Not dense to ask questions! There are two separate concepts in play: 1) Maintain...

apsurd · 2025-10-16T23:15:29 1760656529

Very helpful. It helps me better understand the specifics behind each call and response, the internal units and whether those units are sent and received "live" from the LLM or come from a traditional db or cache store.

I'm personally just curious how far, clever, insightful, any given product is "on top of" the foundation models. I'm not in it deep enough to make claims one way or the other.

So this shines a little more light, thanks!

ayewo · 2025-10-17T14:46:30 1760712390

This recent comment https://news.ycombinator.com/item?id=45598670 by @simonw really helped drive home the point that LLMs are really being fed an array of strings.

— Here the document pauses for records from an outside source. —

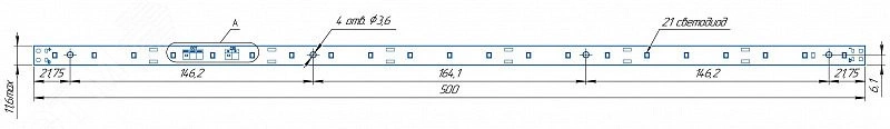 Модуль светодиодный LINE 500x11.6 AL1 3x7 Lumileds 2835 CRI80 3000K
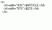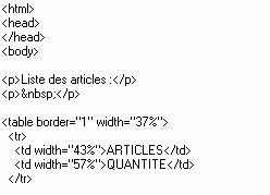 Comme cette forme ne contient pas d'alias, elle ne sera prise en compte qu'une seule fois. Donc, dans cette forme, nous précisons uniquement que le fichier sera en HTML, nous définissons le début d'un tableau, avec les en-têtes des colonnes.
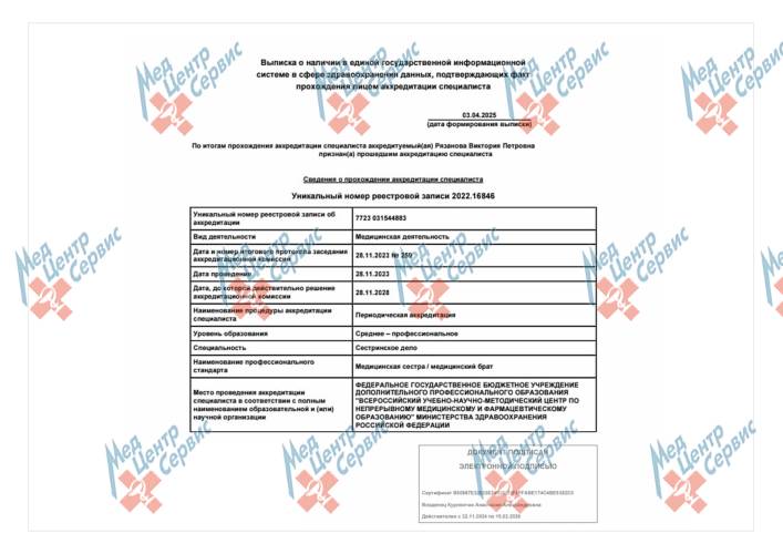 | 2023 г. | Периодическая аккредитация по специальности «Сестринское дело». ФГБУ ДПО «Всероссийский учебно-научно-методический центр по непрерывному медицинскому и фармацевтическому образованию» МЗ РФ |
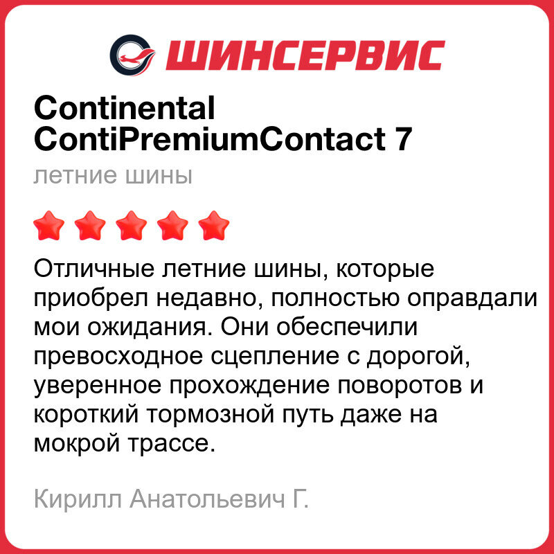 | Отзыв: | Отменная резина, в жару, в дождь в любую погоду (кроме зимы конечно) отлично себя ведет. жестковата, немного, но не критично.
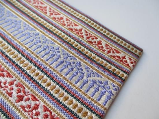 この裂は緻密で色糸を巧みに組織させた段を織り出し、その印度風な華紋などの構成は異国的な風情をもつ文様です。 《栞より》
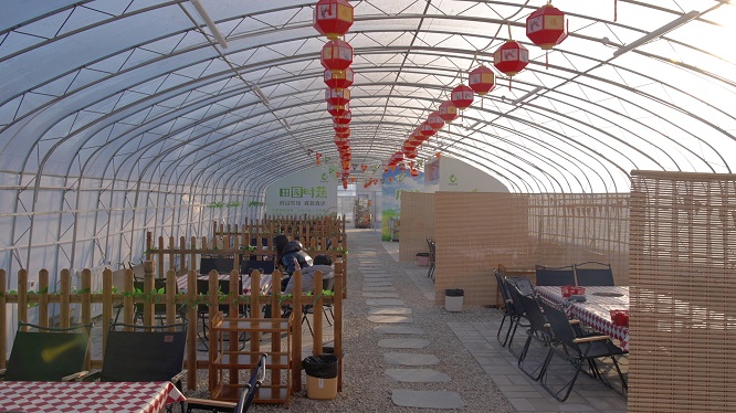 在推进乡村全面振兴和文旅产业融合发展的背景下,新府山农业产业园立足资源优势,积极探索“农业+文旅”融合发展的新路径,依托冬季闲置双膜拱棚资源,开展“鲜采蔬菜+冷鲜羊肉涮煮”体验,设置特色农产品展示销售区,集中推广自产果蔬及加工品。棚外闲置空地则建成小型公益性滑冰场,形成了集生态采摘、美食体验、亲子娱乐于一体的综合性休闲目的地。
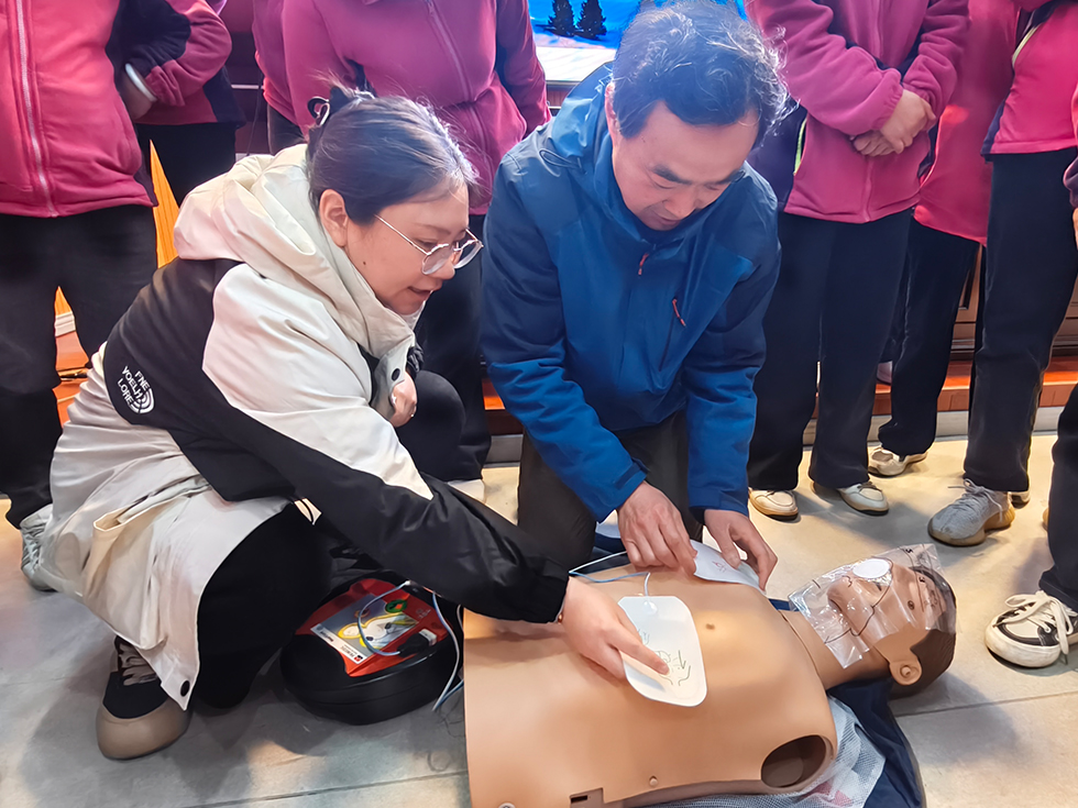 本次培训系统讲解了心搏骤停识别、胸外按压与人工呼吸操作要领,以及AED的工作原理和适用场景。培训老师现场演示心肺复苏完整流程及AED规范使用方法,着重强调“按压优先、快速除颤”的急救原则。参训人员认真开展模拟实操练习,确保急救动作标准规范、处置流程熟练掌握。
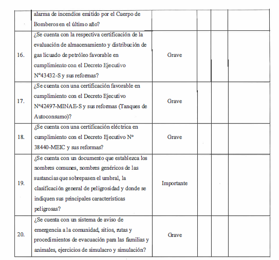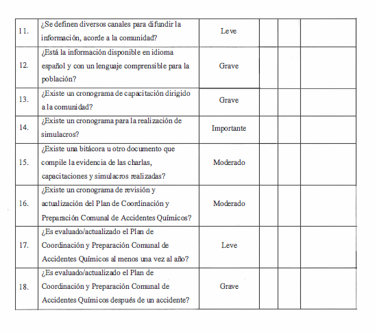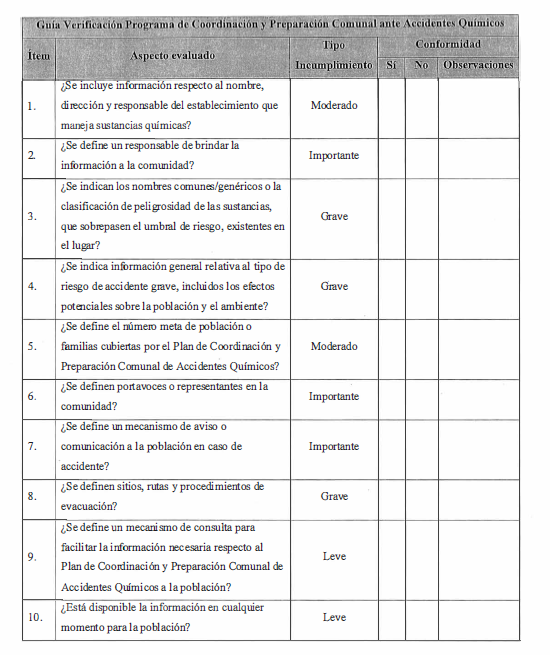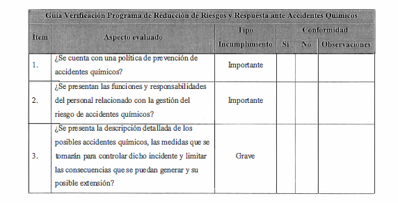 de Verificación de los elementos del Programa de Reducción de Riesgos y

colordrops · 2025-10-17T00:07:36 1760659656

Why wouldn't you turn on prompt caching? There must be a reason why it's a toggle rather than just being on for everything.

TimMoore · 2025-10-17T01:00:24 1760662824

Writing to the cache is more expensive than a request with caching disabled. So it only makes economic sense to do it when you know you're going to use the cached results. See https://docs.claude.com/en/docs/build-with-claude/prompt-cac...

adastra22 · 2025-10-17T05:17:51 1760678271

When you know the context is a one-and-done. Caching costs more than just running the prompt, but less than running the prompt twice.